**Required action:** Aim for an exact copy of the listing, without any images.

**Source material:**
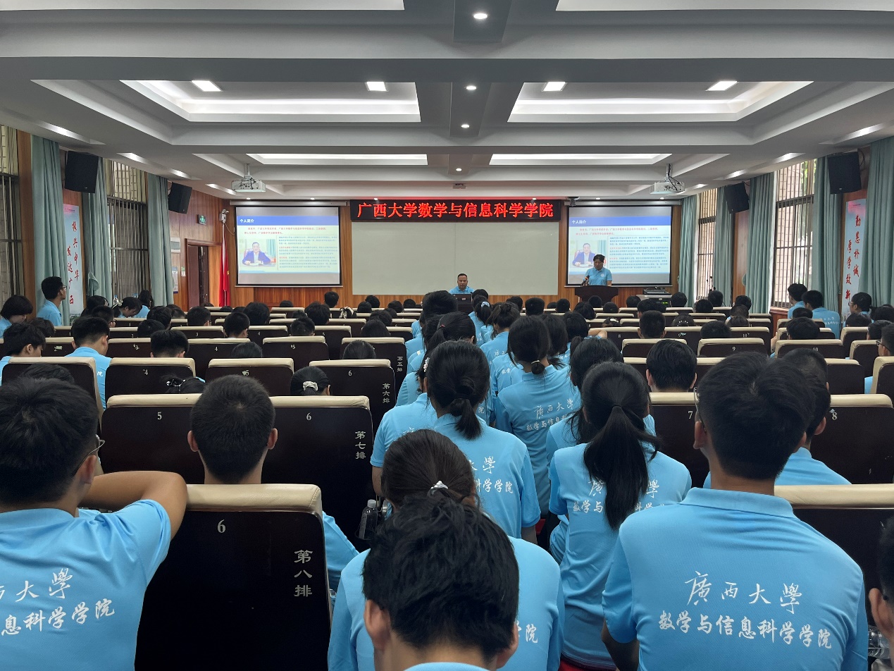 的发展历程,并从何理解大学里的数学教育的角度为同学们剖析了大学数学和中学数学的不同之处和树立数学思维的重要性。最后,他鼓励同学们脚踏实地,多问善思,敢于追梦,努力成长为又博又专、愈博愈专的新时代人才。
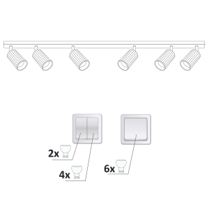 NICEA to sześciopunktowa, nowoczesna oprawa, listwa z wymiennym źródłem światła, wykonana z aluminium w kolorze białym, ze złotym odkręcanym pierścieniem.
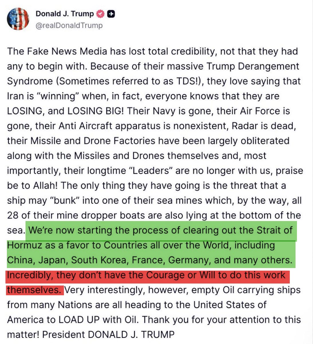 Президент Трамп объявил, что «США начали разминирование Ормузского пролива», утверждая, что иранские минные постановщики уничтожены. «Мы начинаем процесс разминирования Ормузского пролива», — в этом заявлении он оскорбил многие страны, заявив, что у них нет «смелости» сделать это самостоятельно! ! ! ! !
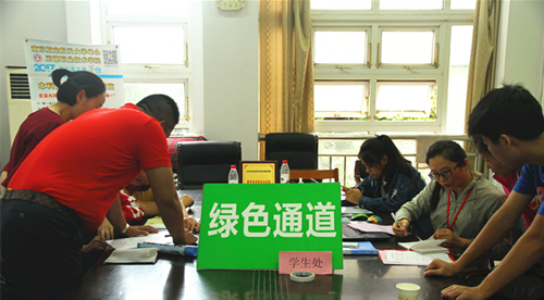 为了方便少数新生办理助学贷款,学生处干脆在招办设置了绿色通道,为学生现场办理助学贷款手续,不让学生跑冤枉路;新生报到之日,又碰到雨天,近千辆汽车先后驶入校园,给探花porn 安全管理带来巨大压力,保卫处全体人员冒雨与安保人员一起热情引导,耐心解释。南京市公安局内保处、江宁开发区派出所领导莅临学校进行现场指导,开发区交警大队派出8名辅警分别在探花porn 门口协助维持交通秩序和校外车辆停放,为迎新提供了强有力的保障。
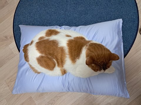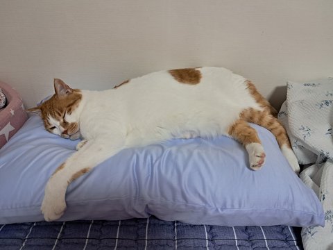 집사 기능성 베개를 샀는데 본인 침실로 이용하는 대단한 도칠이.
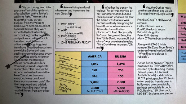 The tracklisting on the disc label doesn’t have version titles “Annihilation” and “Surrender” for the two “Two Tribes” versions. But the A and B-side are titled “Annihilation” and “Surrender” respectively.
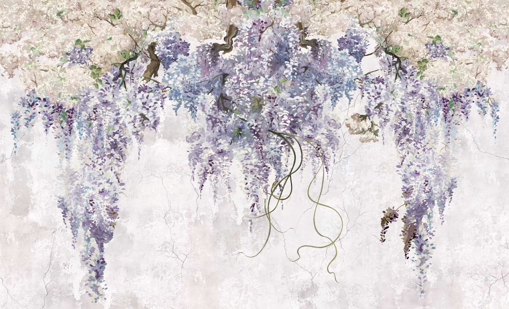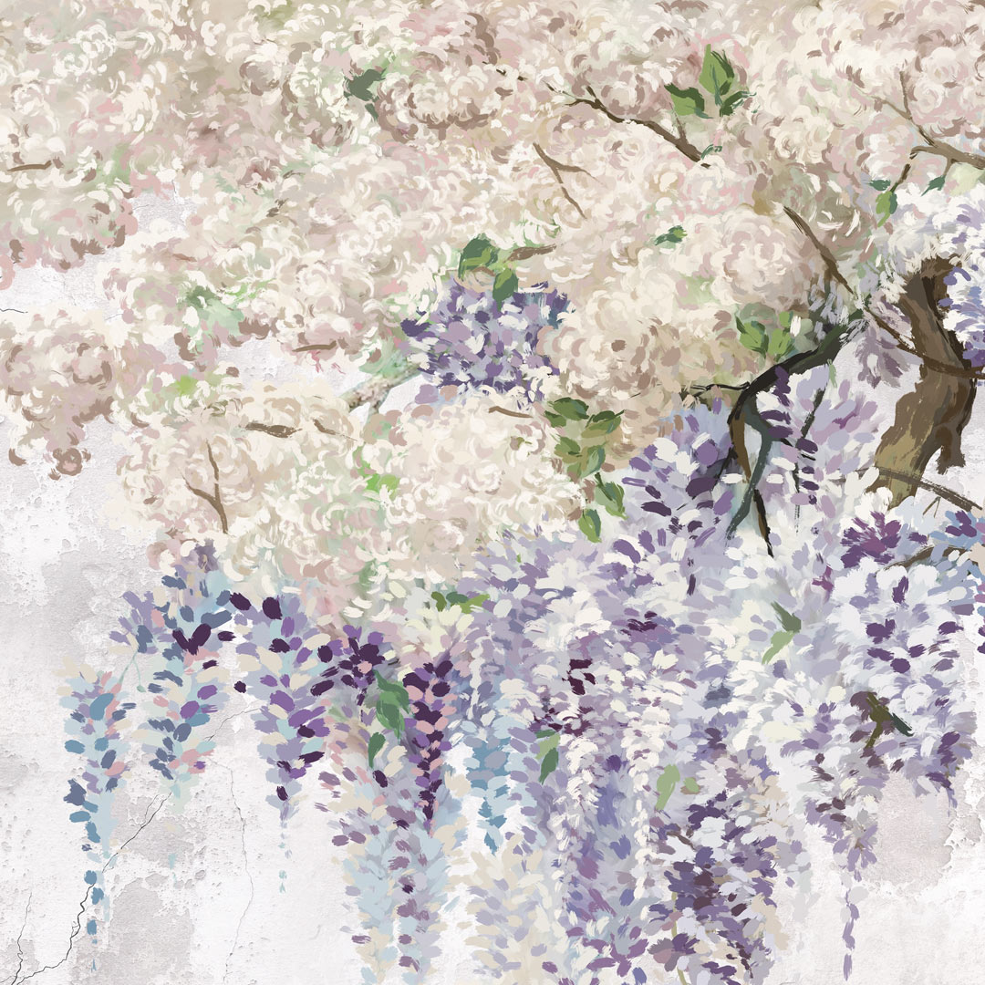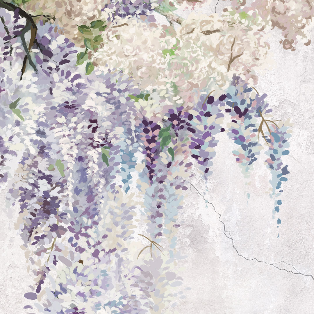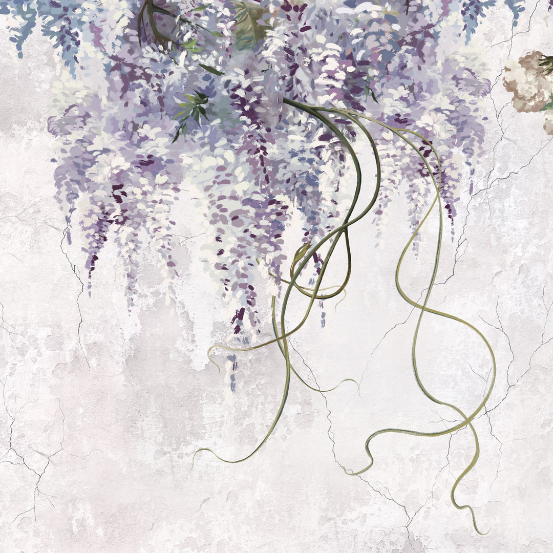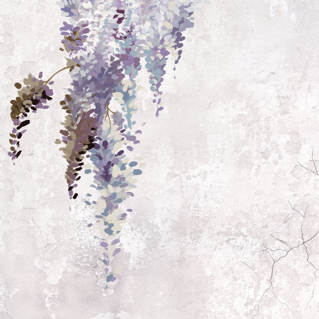 Ta wyjątkowa tapeta z motywem glicynii (wisterii) łączy w sobie delikatność natury z surowym charakterem stylu loftowego. Zwisające, malarskie kwiaty w odcieniach fioletu i lawendy subtelnie kontrastują z jasnym, postarzanym tłem przypominającym tynk lub beton, tworząc elegancką i harmonijną kompozycję ścienną.
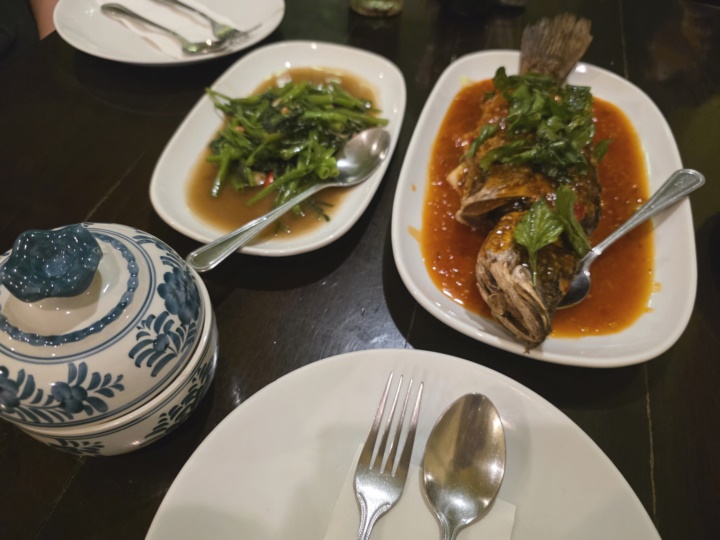 나는 농어요리를 좋아해서 농어튀김(ปลากะพงทอดกรอบราดพริก)과 모닝글로리, 푸팟퐁커리 등을 주문했다.
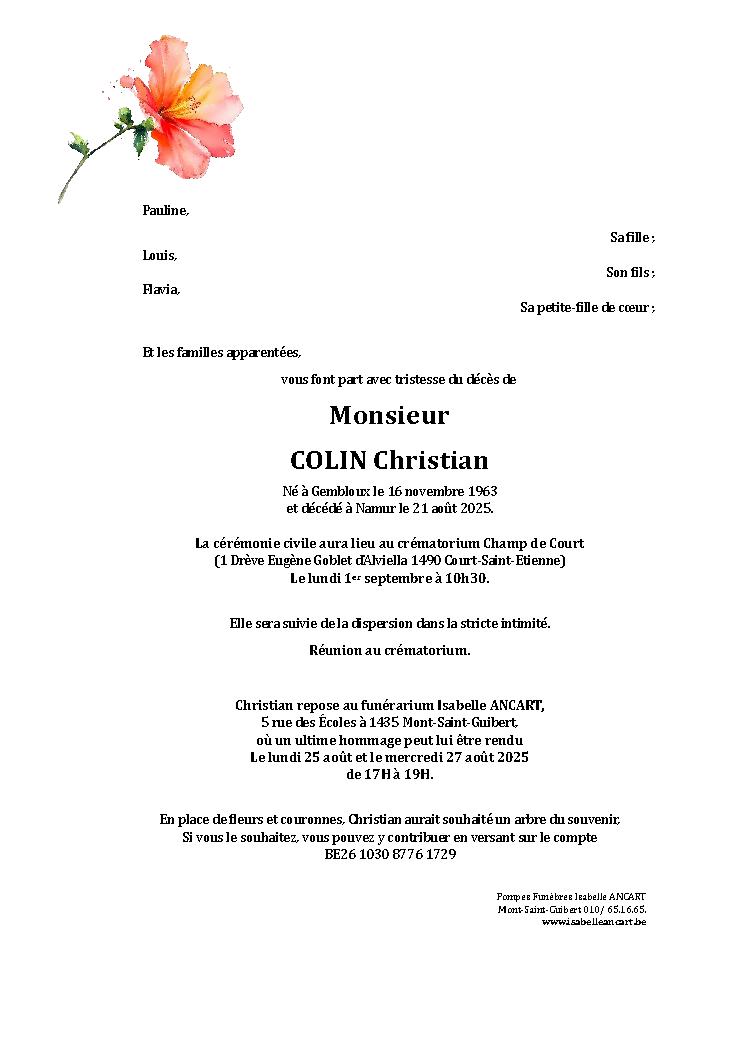 Toutes nos condoléances, repose en paix Christian. Beaucoup de courage à la famille en ces heures difficiles.
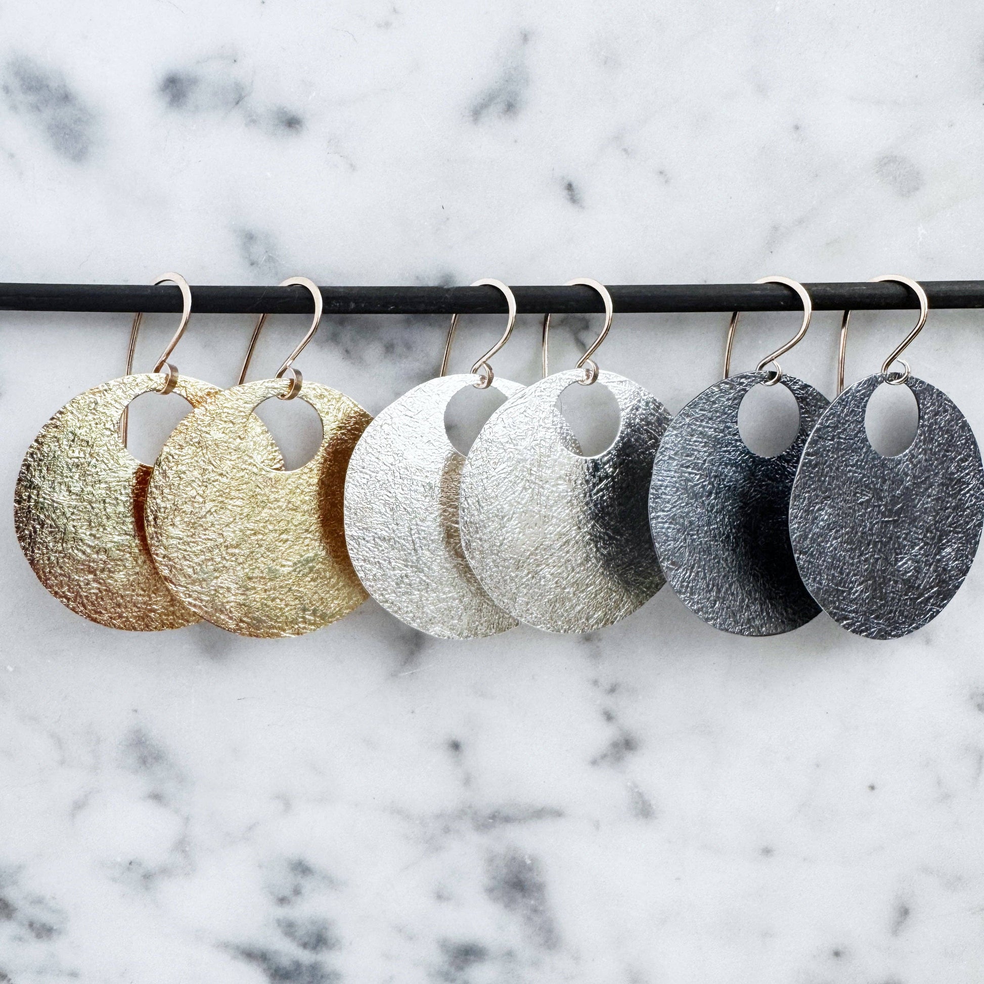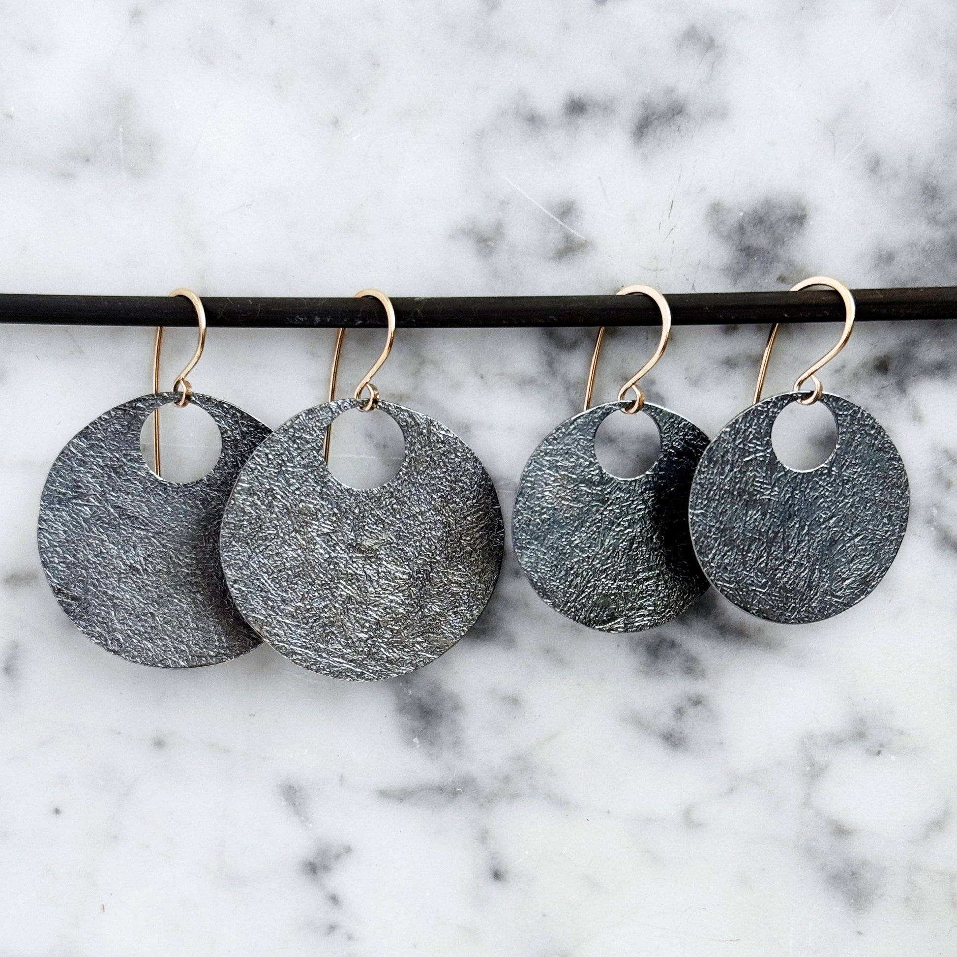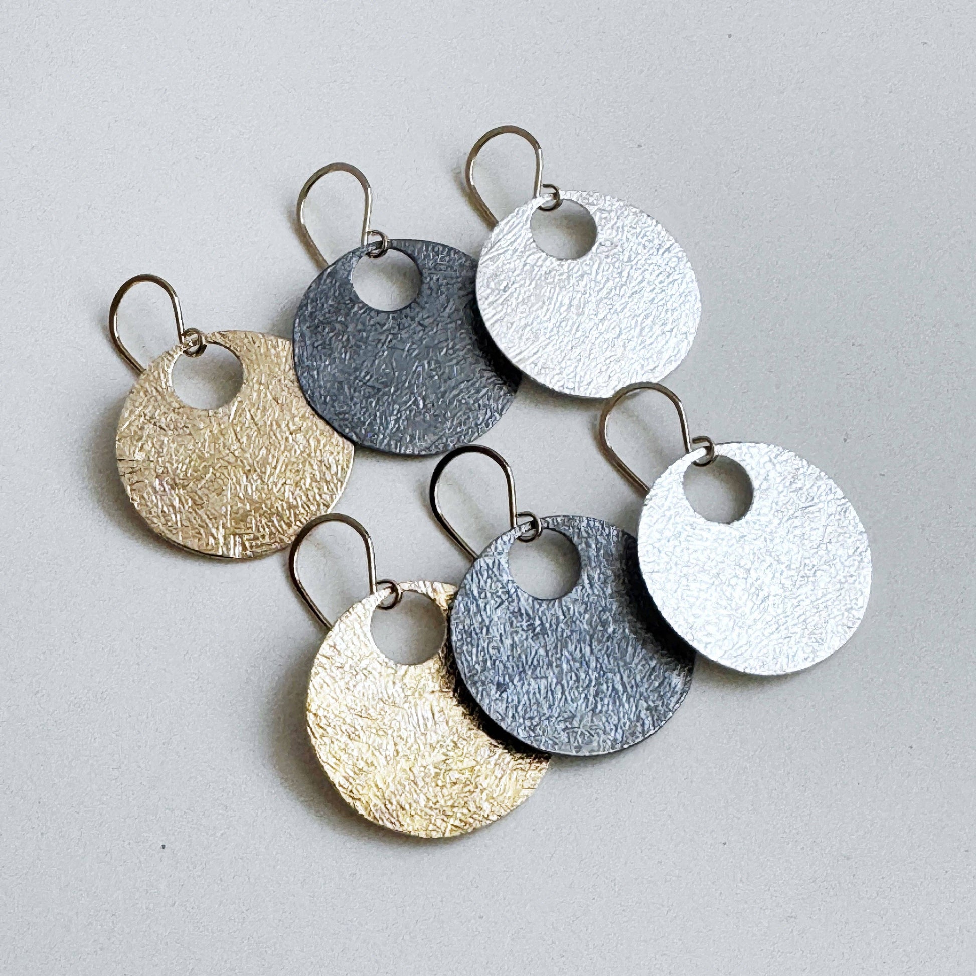 I always, always go back to basics and return to circles. I can’t avoid it. These classic, simple beauties will be something you reach for again and again. Hand textured with my trusty favorite hammer, these are available in two sizes and three finishes- bright or oxidized silver with 14k goldfill earwires or all 14k goldfill.

**Response box:**
 的发展历程,并从何理解大学里的数学教育的角度为同学们剖析了大学数学和中学数学的不同之处和树立数学思维的重要性。最后,他鼓励同学们脚踏实地,多问善思,敢于追梦,努力成长为又博又专、愈博愈专的新时代人才。
 NICEA to sześciopunktowa, nowoczesna oprawa, listwa z wymiennym źródłem światła, wykonana z aluminium w kolorze białym, ze złotym odkręcanym pierścieniem.
 Президент Трамп объявил, что «США начали разминирование Ормузского пролива», утверждая, что иранские минные постановщики уничтожены. «Мы начинаем процесс разминирования Ормузского пролива», — в этом заявлении он оскорбил многие страны, заявив, что у них нет «смелости» сделать это самостоятельно! ! ! ! !
 为了方便少数新生办理助学贷款,学生处干脆在招办设置了绿色通道,为学生现场办理助学贷款手续,不让学生跑冤枉路;新生报到之日,又碰到雨天,近千辆汽车先后驶入校园,给探花porn 安全管理带来巨大压力,保卫处全体人员冒雨与安保人员一起热情引导,耐心解释。南京市公安局内保处、江宁开发区派出所领导莅临学校进行现场指导,开发区交警大队派出8名辅警分别在探花porn 门口协助维持交通秩序和校外车辆停放,为迎新提供了强有力的保障。
 집사 기능성 베개를 샀는데 본인 침실로 이용하는 대단한 도칠이.
 The tracklisting on the disc label doesn’t have version titles “Annihilation” and “Surrender” for the two “Two Tribes” versions. But the A and B-side are titled “Annihilation” and “Surrender” respectively.
 Ta wyjątkowa tapeta z motywem glicynii (wisterii) łączy w sobie delikatność natury z surowym charakterem stylu loftowego. Zwisające, malarskie kwiaty w odcieniach fioletu i lawendy subtelnie kontrastują z jasnym, postarzanym tłem przypominającym tynk lub beton, tworząc elegancką i harmonijną kompozycję ścienną.
 나는 농어요리를 좋아해서 농어튀김(ปลากะพงทอดกรอบราดพริก)과 모닝글로리, 푸팟퐁커리 등을 주문했다.
 Toutes nos condoléances, repose en paix Christian. Beaucoup de courage à la famille en ces heures difficiles.
 I always, always go back to basics and return to circles. I can’t avoid it. These classic, simple beauties will be something you reach for again and again. Hand textured with my trusty favorite hammer, these are available in two sizes and three finishes- bright or oxidized silver with 14k goldfill earwires or all 14k goldfill.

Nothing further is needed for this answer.